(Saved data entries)
• • • • • • •

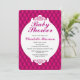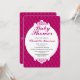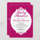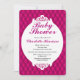 Design de fundo rosa giro e bonito, com um aspecto estofado. Ele também apresenta um crachá rolo de rico branco contendo seus detalhes personalizados do chá de fraldas em cinzas escuras e texto rosa-quente. A parte traseira do convite tem o design de pino de cheio com uma fita rosa púrpura com um gráfico de arco.
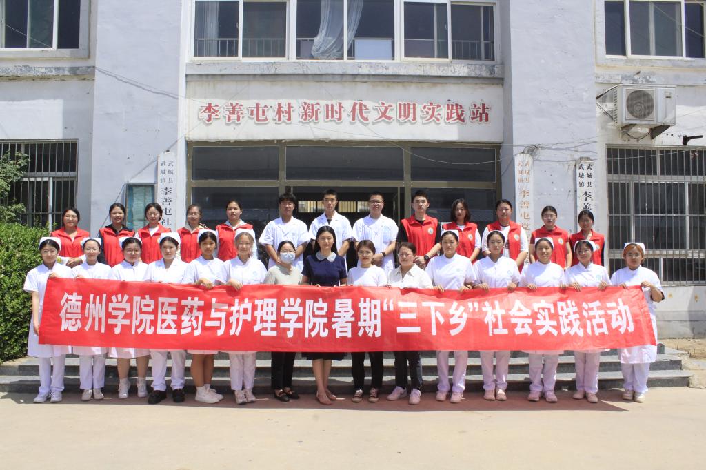 为深入学习宣传贯彻党的二十大精神,学习贯彻习近平总书记关于青年工作的重要思想,积极将“小我融入大我”,引领学生立志做有理想、敢担当、能吃苦、肯奋斗的新时代好青年。2023年7月7日,医药与护理学院结合学院专业实际,由师生党员、南丁格尔志愿者、红十字应急救护志愿者、学生干部等三十余人,组建南丁格尔志愿服务队和“馨星助梦”志愿服务队赴德州市武城县武城镇开展暑期“三下乡”社会实践活动。
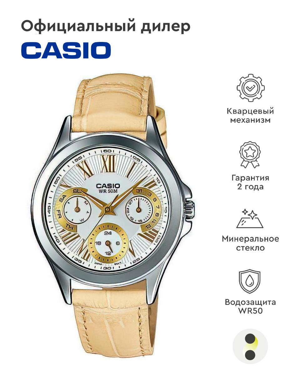 Наручные часы CASIO LTP-E308L-7A1, белый, бежевый
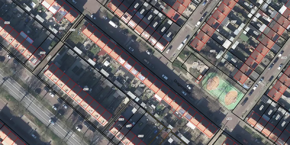 Het perceel waarop Dragonstraat 58 staat heeft een oppervlakte van 2914 m². Dit is een zeer groot perceel. De perceeloppervlakte wordt geregistreerd door het Kadaster. Gedetailleerde informatie over de maten van dit perceel kunt u vinden in het rapport Kadastrale kaart met maatvoering van Dragonstraat 58.
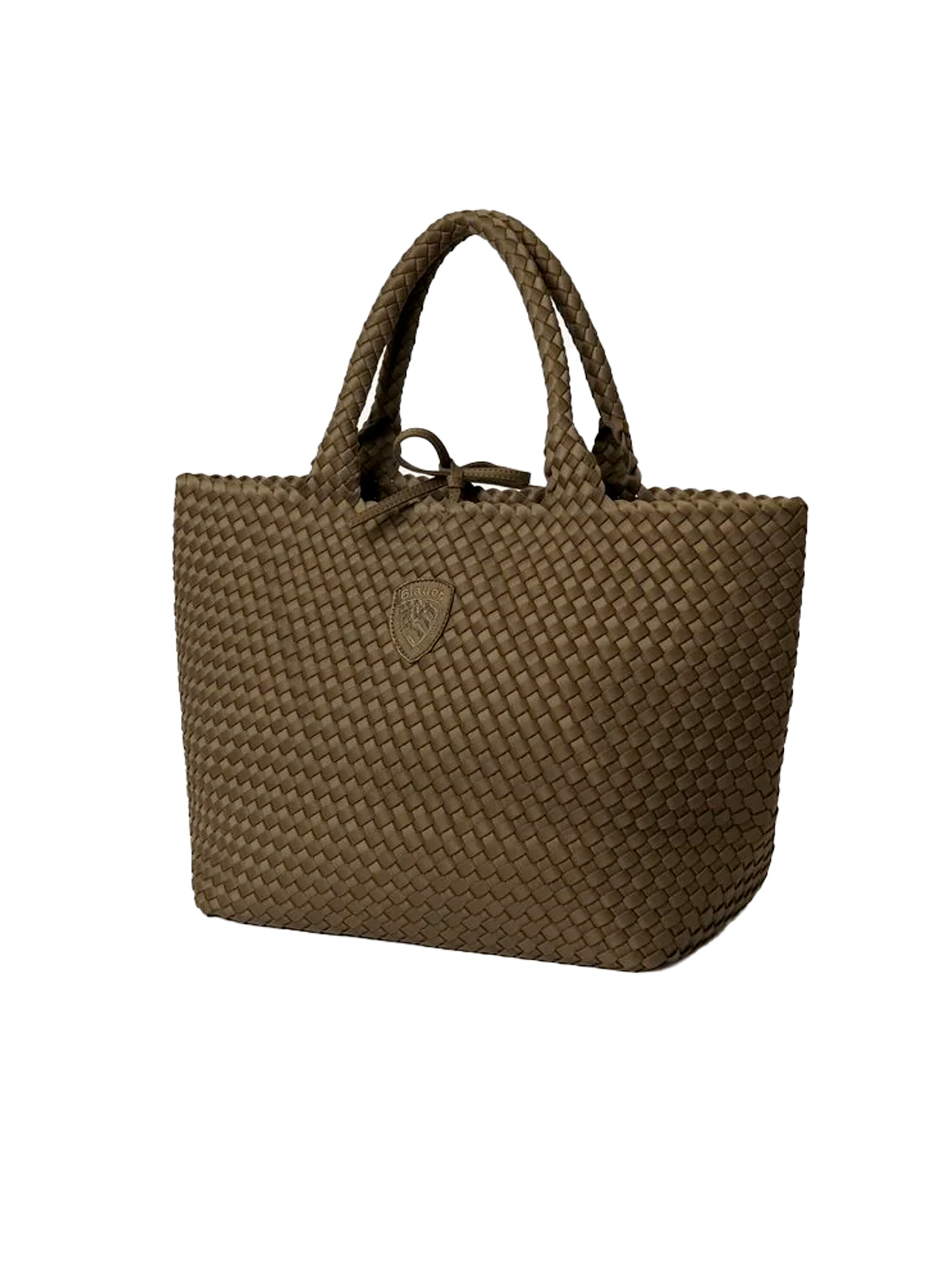Elegante borsa tote Blauer dalla raffinata trama intrecciata. Dotata di robusti doppi manici e dell'iconico scudo con logo applicato sul davanti, questa borsa unisce un'estetica ricca e artigianale a un design spazioso, perfetto per un look urbano chic quotidiano.
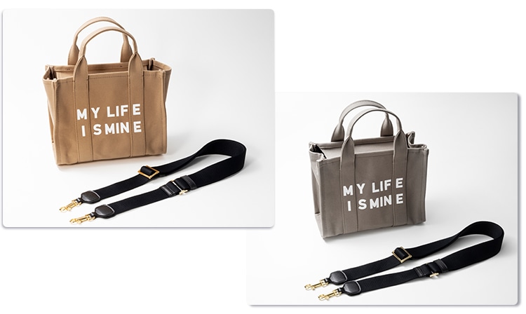 このトートバッグは、全面に大きく「MY LIFE IS MINE」というロゴをプリントしました。
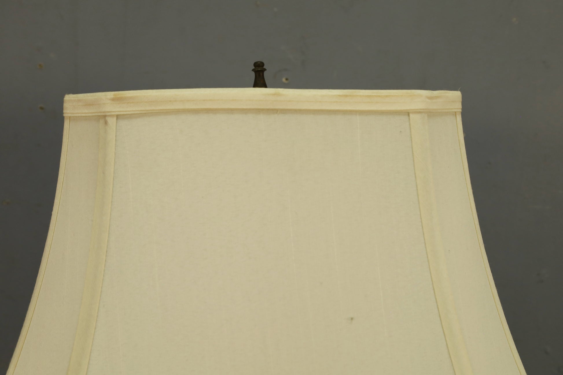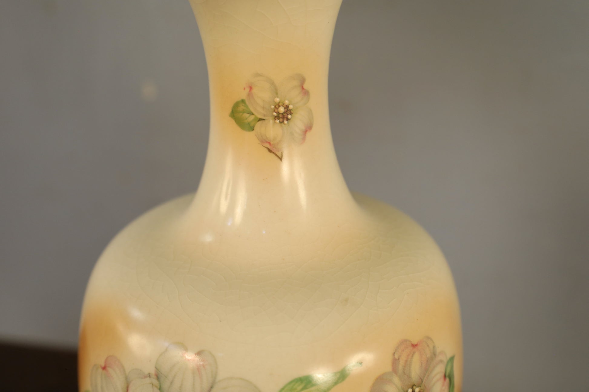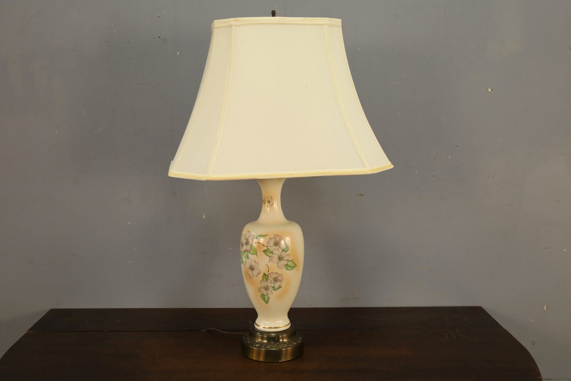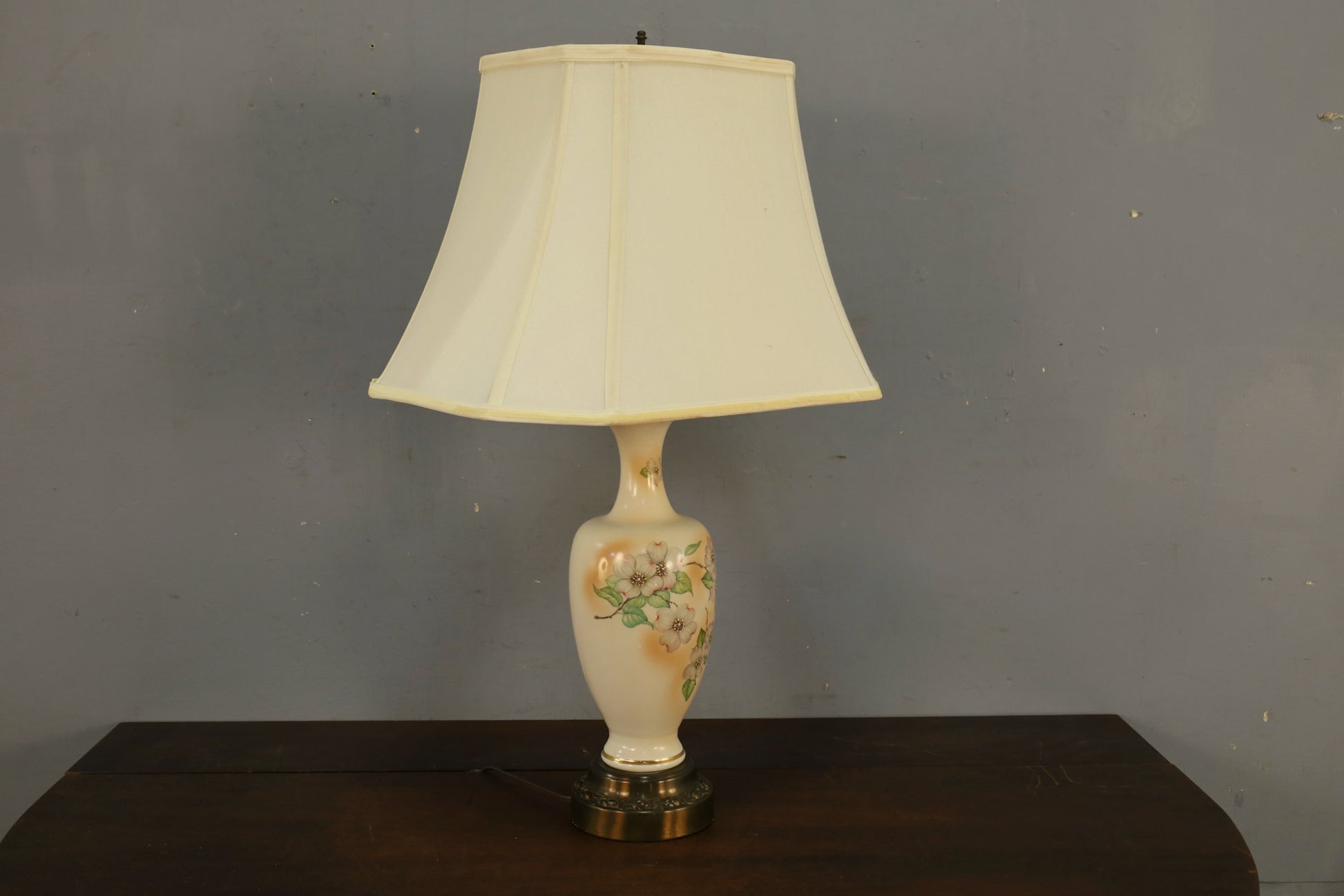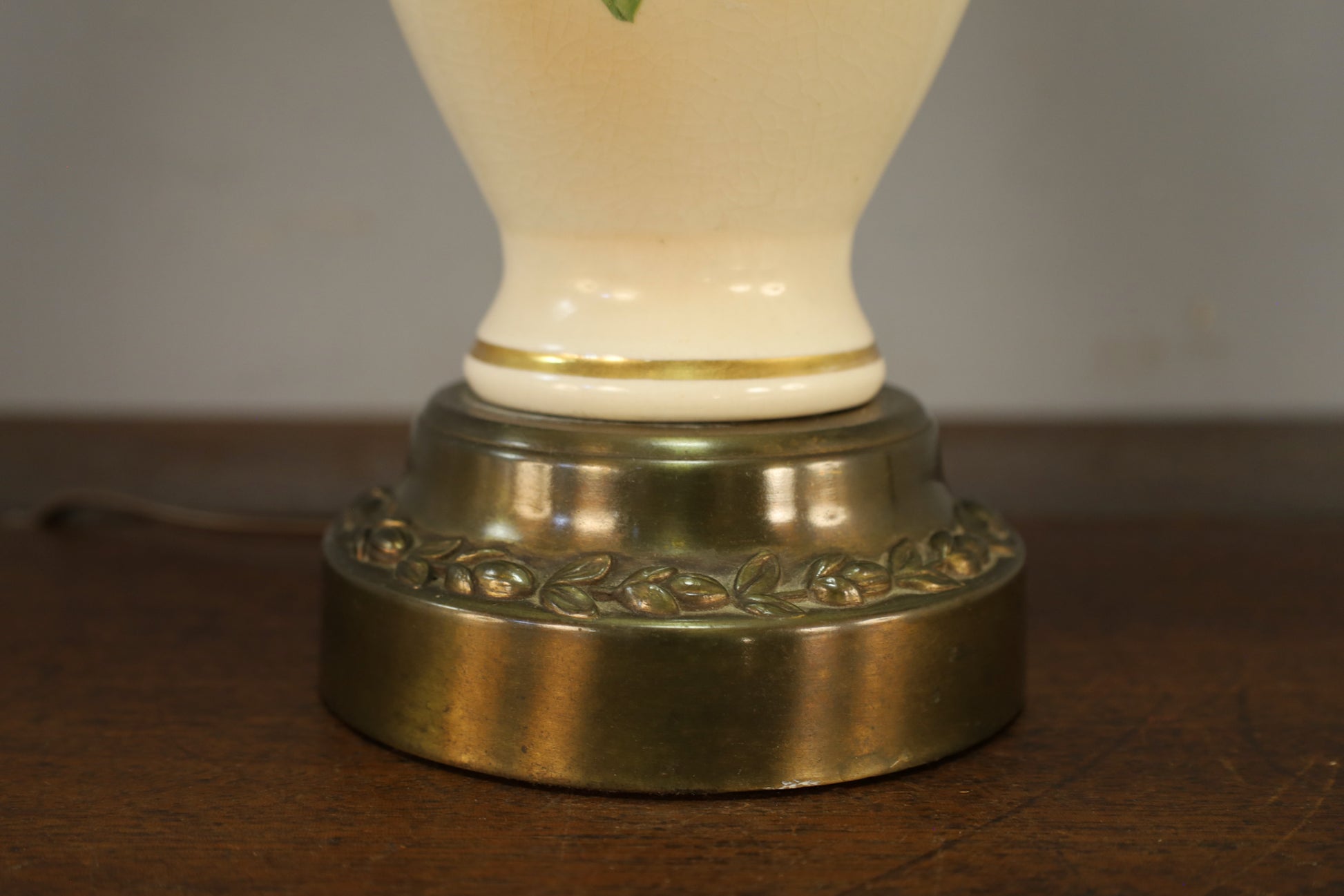 Darling floral ceramic table lamp. Ceramic and brass base. Simple flared cotton lampshade. Crazing to the ceramic finish. Some discolored spots on the lampshade from age.
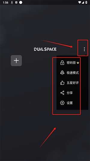 3、然后点击右边侧边栏的三点图标,还可以自定义使用密码锁功能。

• • • • • • •

EXERCISE: Look above for the line containing "Elegante borsa tote"; output that line and all lines after it through the last one exactly, without the pictures.

TASK RESPONSE:
Elegante borsa tote Blauer dalla raffinata trama intrecciata. Dotata di robusti doppi manici e dell'iconico scudo con logo applicato sul davanti, questa borsa unisce un'estetica ricca e artigianale a un design spazioso, perfetto per un look urbano chic quotidiano.
 このトートバッグは、全面に大きく「MY LIFE IS MINE」というロゴをプリントしました。
 Darling floral ceramic table lamp. Ceramic and brass base. Simple flared cotton lampshade. Crazing to the ceramic finish. Some discolored spots on the lampshade from age.
 3、然后点击右边侧边栏的三点图标,还可以自定义使用密码锁功能。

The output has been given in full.